→ Work order:
Go through the data and copy each line where the word "radiograph" shows up.

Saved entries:

---

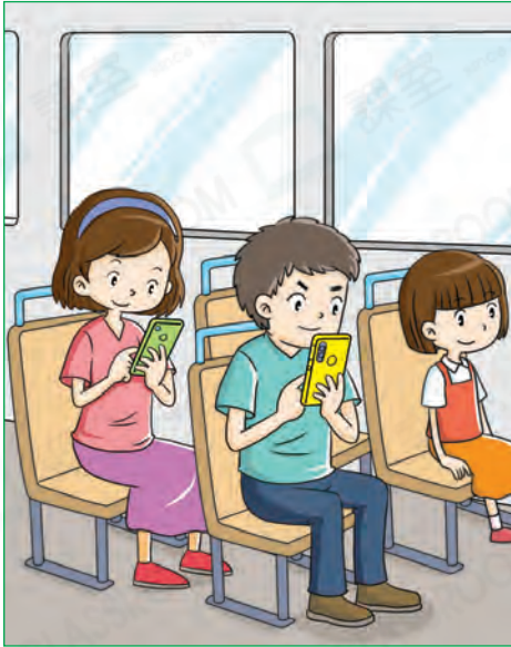
packed / phone
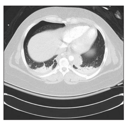
FIG. 1. An occult pneumothorax seen on a CT scan that was not detected on a plain anteroposterior supine chest radiograph.

A feature of posttraumatic pneumothoraces that is only now being appreciated as a result of the frequent use of CT is the insensitivity of the anteroposterior supine chest radiograph (AP CXR) to detection of pneumothoraces.56-58 Remarkably large occult pneumothoraces may be present without an obvious anterolateral pleural stripe on an AP CXR. (Fig. 1).50,56 Despite not being evident on CXR, all pneumothoraces are dynamic and evolve over time, potentially increasing if a flap valve is present. Both the clinical importance and optimal management of these posttraumatic pneumothoraces remain unknown because there has been little prospective study.<sup>59,60</sup> Thoracic sonography is a potential method of detecting posttraumatic pneumothoraces during the primary survey, with greater sensitivity for detecting occult posttraumatic pneumothoraces and without the delay of image processing.<sup>50,55,57,61</sup> The technique is conceptually simple and focuses on identifying a sonographic sliding movement at the pleural interface. If they are separated by even a small amount of air, these signals are lost. Although we feel this technique
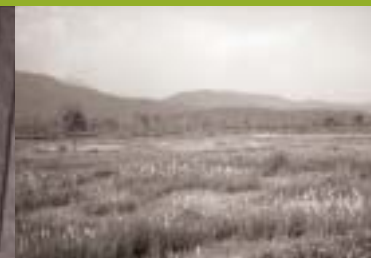
The Chosen Land
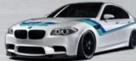
BMW F Series Coding
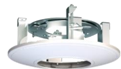
DS-1227ZJ In-Ceiling Mount
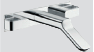
3-hole wall-mounted basin mixer, concealed installation spout 228 mm projection # 11043000 Basic set (not shown) # 10303180

*Only applicable on even, smooth surfaces.
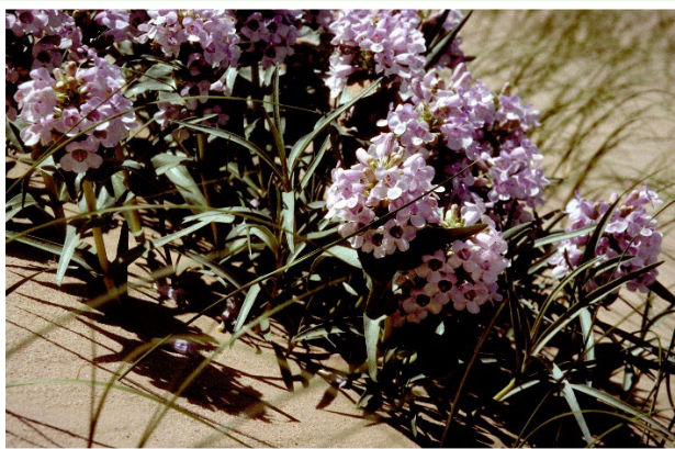
Blowout penstemon, P. haydenii.
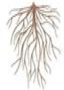
Roots (fibrous) 1
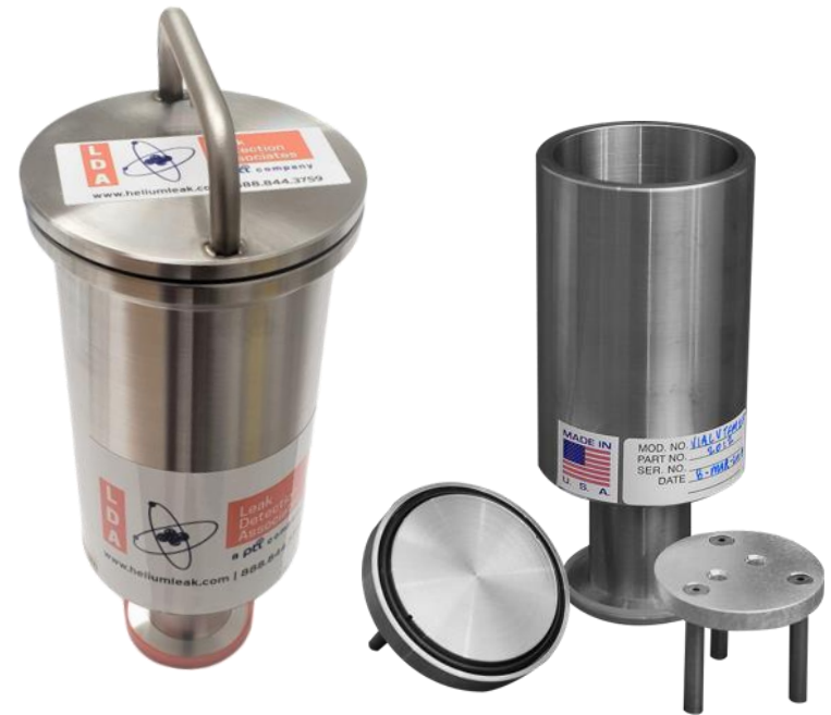
Cylindrical Chambers Vials
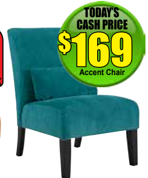
61604 $4.88 per week
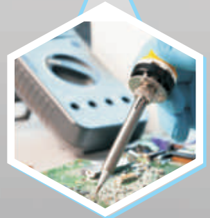
Standard Test equipment
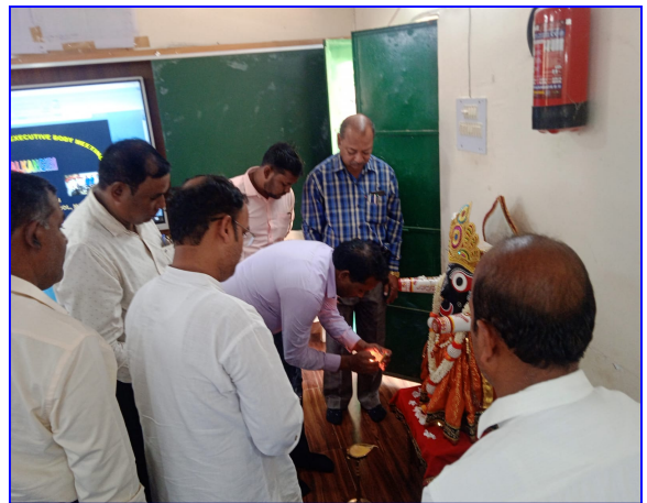
Govt.Nodal High School, Malkangiri
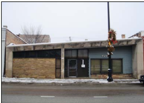
Dr. Selvam Medical Offices located at 946 W. 79th Street (BEFORE)

The Greater Auburn-Gresham Development Corporation (GADC) partnered with the City of Chicago to encourage business owners to participate in the City' Façade Re-
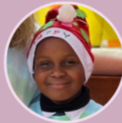
Happyness turned 9 on 6/1
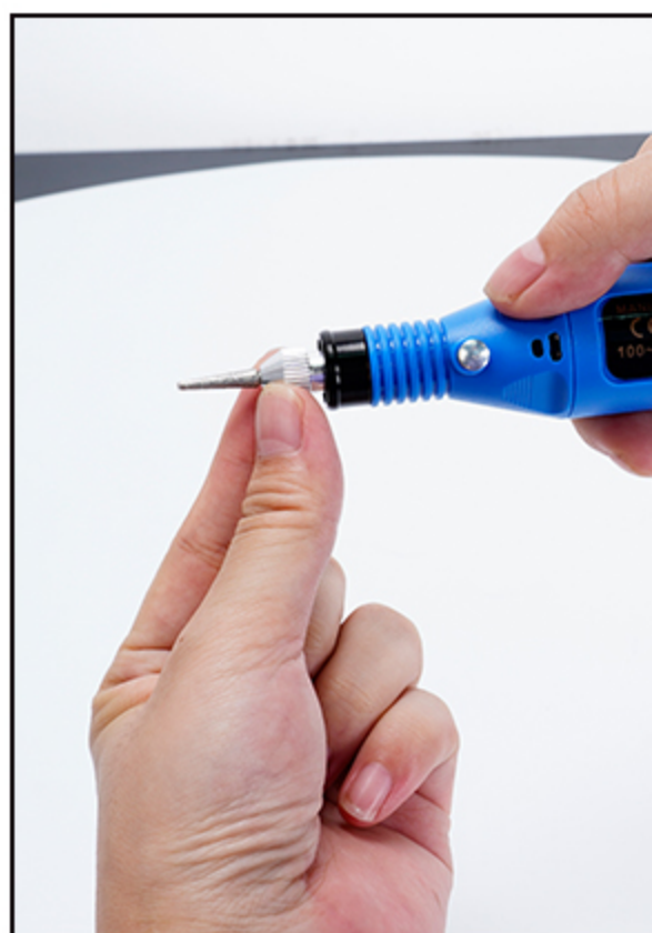
Step4:Tighten the retaining ring

---

→ Exercise result:
FIG. 1. An occult pneumothorax seen on a CT scan that was not detected on a plain anteroposterior supine chest radiograph.
A feature of posttraumatic pneumothoraces that is only now being appreciated as a result of the frequent use of CT is the insensitivity of the anteroposterior supine chest radiograph (AP CXR) to detection of pneumothoraces.56-58 Remarkably large occult pneumothoraces may be present without an obvious anterolateral pleural stripe on an AP CXR. (Fig. 1).50,56 Despite not being evident on CXR, all pneumothoraces are dynamic and evolve over time, potentially increasing if a flap valve is present. Both the clinical importance and optimal management of these posttraumatic pneumothoraces remain unknown because there has been little prospective study.<sup>59,60</sup> Thoracic sonography is a potential method of detecting posttraumatic pneumothoraces during the primary survey, with greater sensitivity for detecting occult posttraumatic pneumothoraces and without the delay of image processing.<sup>50,55,57,61</sup> The technique is conceptually simple and focuses on identifying a sonographic sliding movement at the pleural interface. If they are separated by even a small amount of air, these signals are lost. Although we feel this technique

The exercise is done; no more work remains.